Saturday, April 17, 2021

Hostage to Hostas

 Patriot Hosta

My introduction to Hostas came at an evangelism conference. The LCA leader said he ran into a bunch of people going to a Hosta convention. Recently I got a coffee table book on Hostas, endorsed by Prince Charles, the elderly king-in-waiting. The variety is endless.

I did not grow them until recently, and then I noticed how interesting they were - all sizes, all colors, spreading on their own, easy to maintain, all sending up a spike of flowers for hummingbirds.

Yesterday I went out to look for the yellow and green Hostas, but they were just starting with a little white sprout. Then I saw a small Patriot Hosta poking through the mulch. Gardeners in early spring are anxious to see everything come up at once, and the plants are not designed for instant appreciation. Older roses are budding but new roses are only showing their early red leaves. 

Clethra look dead and Joe Pye is still hiding. Chaste Tree will flower later. The beauty of roses is their flowering all summer. The others, because they take turns being in full bloom,
keep insects and birds happy. 

The Military Gardening Group, always ready to spot new flowers, is already using the Overwatch (the front porch) to look for progress while drinking pour-over coffee.

The Hostas gave me a flash-back to the evangelism conference, about 42 years ago. Stick with me for the lesson. A fine lecturer described the changing church scene. Not long before, half the babies baptized would be in confirmation class. In the future, very few of the children would still be around for confirmation. He had some gloom and doom predictions which I recalled. He might have been a Fuller Seminary, but I do not recall him talking about his sources.

Gardening made me think about the conference - and the difference between mourning the lost plants and keeping up with new beginnings. The expert only discussed sociology (which is the study of middle class people). There was no Gospel content, no efficacy of the Means of Grace. Every expert from that point on, whether LCA or LCMS or WELS, lined up to tell people all was lost without their advice, grim days were ahead.

One of the big theories was keeping everyone busy as a way to have a healthy church. All the sociology morphed into marketing (sociology for junk food vendors). Churches could buy packaged programs for generating members' activities, spiritual gift inventories, and the rest of the nonsense.

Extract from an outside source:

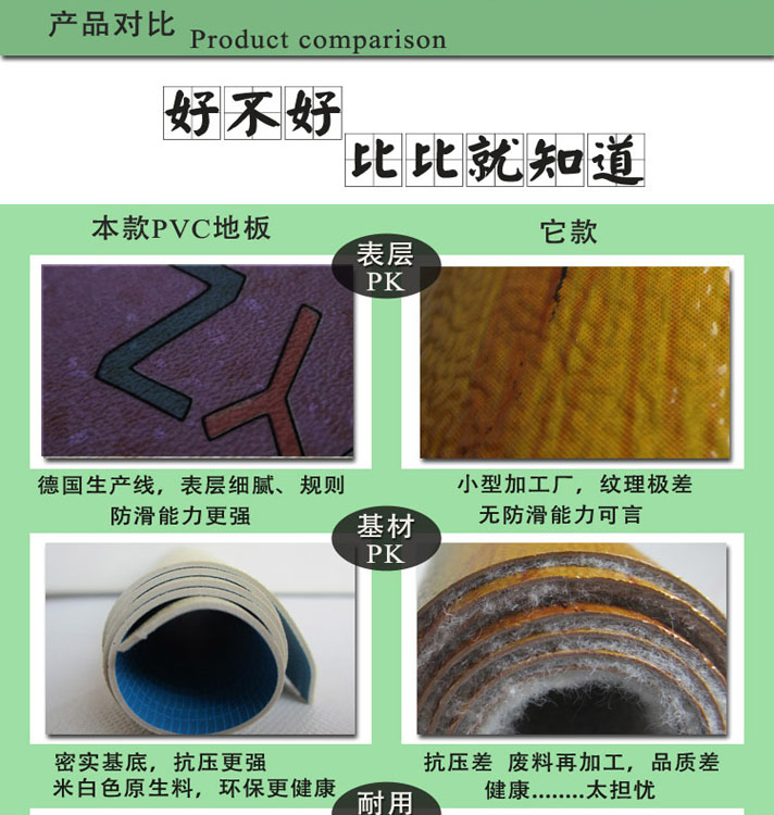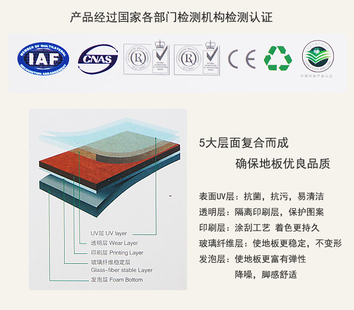 1、 质轻:一般PVC地板重量为2-3公斤/平米,不足普通地面的10%,在高层建筑中对于楼体承重和节约空间有着无可比拟的优势。2、 环保:一般PVC地板的主要原料是聚氯乙烯,它是环保无毒的可再生资源,相对于木地板的甲醛等有害物质,其环保性能有着绝对的优势。3、 高弹、抗冲击:PVC地板质地柔软,所以弹性很好,在重物冲击下有着良好的弹性恢复,所以能大大减少人员的滑到摔伤,同时对重物的冲击破坏也有良好的弹性恢复,不会造成损坏。4、 防滑:PVC地板有与水即涩的特性,同时一般PVC地板都做了防滑处理(耐磨层花纹)5、 防水:PVC地板主要成分是聚氯乙烯,所以自然不怕水,只要不长期浸泡就不会损坏。6、 吸音:PVC地板吸音可达20分贝,所以在需要安静的环境如医院病房、图书馆、报告厅等地选用PVC地板,就不用再为高跟鞋的响声而烦恼。7、 花色繁多:PVC地板可以加工成众多的颜色和花纹,所以使用者的花纹的可选择范围更广泛,可以实现个性化定制。8、 施工安装简便:较好的美工刀就可以任意裁剪,施工可以简单拼接,也可以无缝焊接。9、 超高性价比:比专业木地板价格便宜很多,但性能更卓越。

In the LCA, I asked if we had any message better than "Let's march downtown and cause some destruction." That cleared the room. In WELS, it was "We are so pure, you can't help but join our tiny sect." Nobody offered anything that grew, and anyone questioning the plan was to be shunned like a skunk at a picnic. I kept asking why WELS was using material directly from the LCA, down to the graphics and fakey charts. Instead of spending so much money on Christian Ed in WELS, why not buy directly from Fuller Seminary? Wearing a Fuller sweatshirt at WELS gatherings was my way of fitting in, but it was not well-received - or WELS-received. 

"Fuller has a vast accumulation of missionary data," one WELS pastor told me. Notice the tilt - the people who sell their buffoonery have the data, so they must be honored, used, financed, and respected.

Back to gardening - I could sow the seed (some always survives) and plant the seedlings, or I could explain to everyone why it is so hard to grow roses, unusual herbs, and special plants. The only way to have a garden is to work it all the time, even long into autumn with a winter season of mulch turning into rich soil ahead.

An abundance of gardening work turns into an abundance. If a congregation cannot confidently teach faith in Jesus Christ - once the theme of all churches of the Reformation - it is bound to starve, like my boyhood churches. The Congregationalist (UCC) church is gone. The large Disciples church closed and could not find buyers for a long time. The Augustana Synod church, which became LCA and ELCA, was advertising their Blessing of the Animals service when we last drove by...without stopping.